**What to do**
Repeat each line of the material below exactly as it appears, minus any pictures.

**Dataset excerpt**
>>>

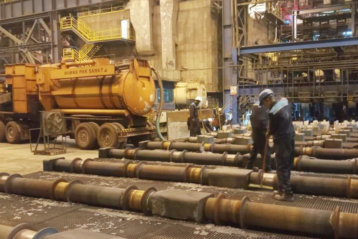 - جمع آوری گرد و غبار و مواد ناشی از ذوب: دستگاه وکیوم لودر انواع گرد و غبار ناشی از عملیات ذوب، پوستههای اکسید، نرمه آهن اسفنجی و گندله را جمع آوری و انتقال میدهد.
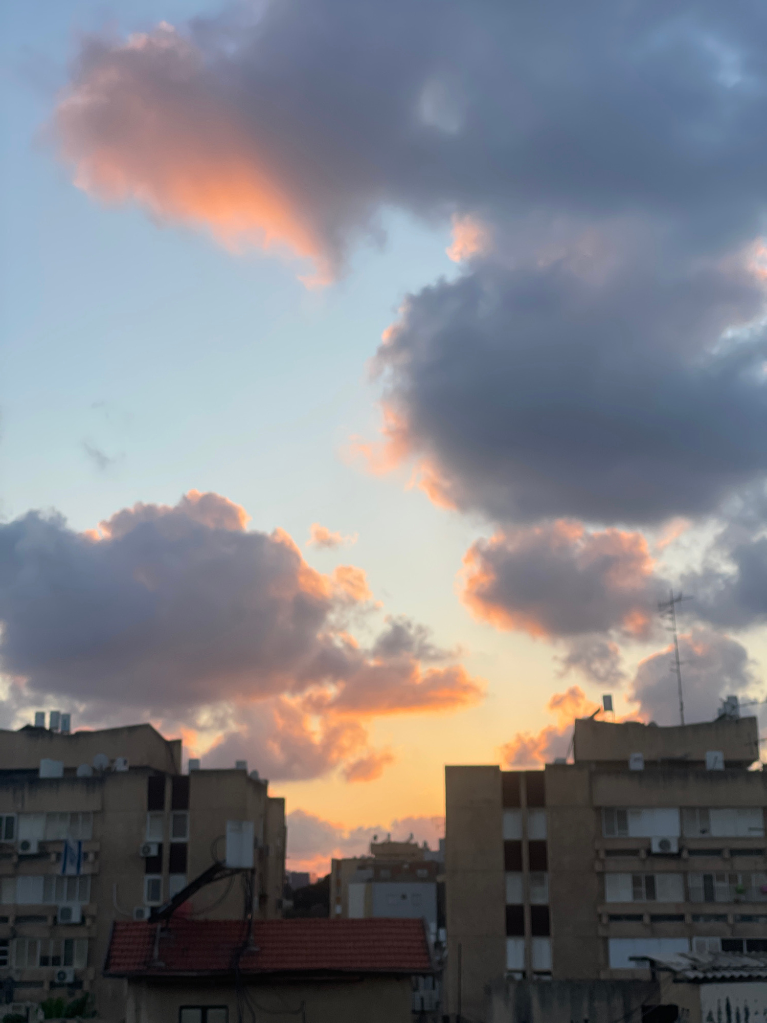 The image depicts a sky with a mix of gray and orange-tinted clouds, suggesting either sunrise or sunset. Tall, multi-story buildings are visible on the right side of the frame, with multiple windows…read more
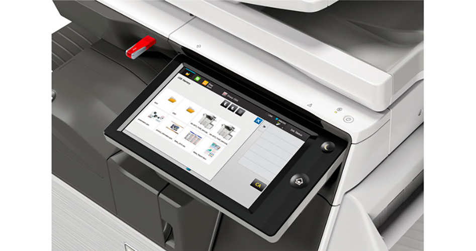 МФУ оборудован панелью управления с цветным сенсорным дисплеем размером 10,1 дюйма. Панель управления можно наклонять под различными углами для удобства просмотра информации и упрощения управления МФУ. Оптимальный угол наклона панели позволяет комфортно воспринимать информацию и избежать возможных ошибок при работе. Удобный инновационный интерфейс представляет возможность работать с МФУ легко, на интуитивном уровне.

<<<

**Answer box**
 - جمع آوری گرد و غبار و مواد ناشی از ذوب: دستگاه وکیوم لودر انواع گرد و غبار ناشی از عملیات ذوب، پوستههای اکسید، نرمه آهن اسفنجی و گندله را جمع آوری و انتقال میدهد.
 The image depicts a sky with a mix of gray and orange-tinted clouds, suggesting either sunrise or sunset. Tall, multi-story buildings are visible on the right side of the frame, with multiple windows…read more
 МФУ оборудован панелью управления с цветным сенсорным дисплеем размером 10,1 дюйма. Панель управления можно наклонять под различными углами для удобства просмотра информации и упрощения управления МФУ. Оптимальный угол наклона панели позволяет комфортно воспринимать информацию и избежать возможных ошибок при работе. Удобный инновационный интерфейс представляет возможность работать с МФУ легко, на интуитивном уровне.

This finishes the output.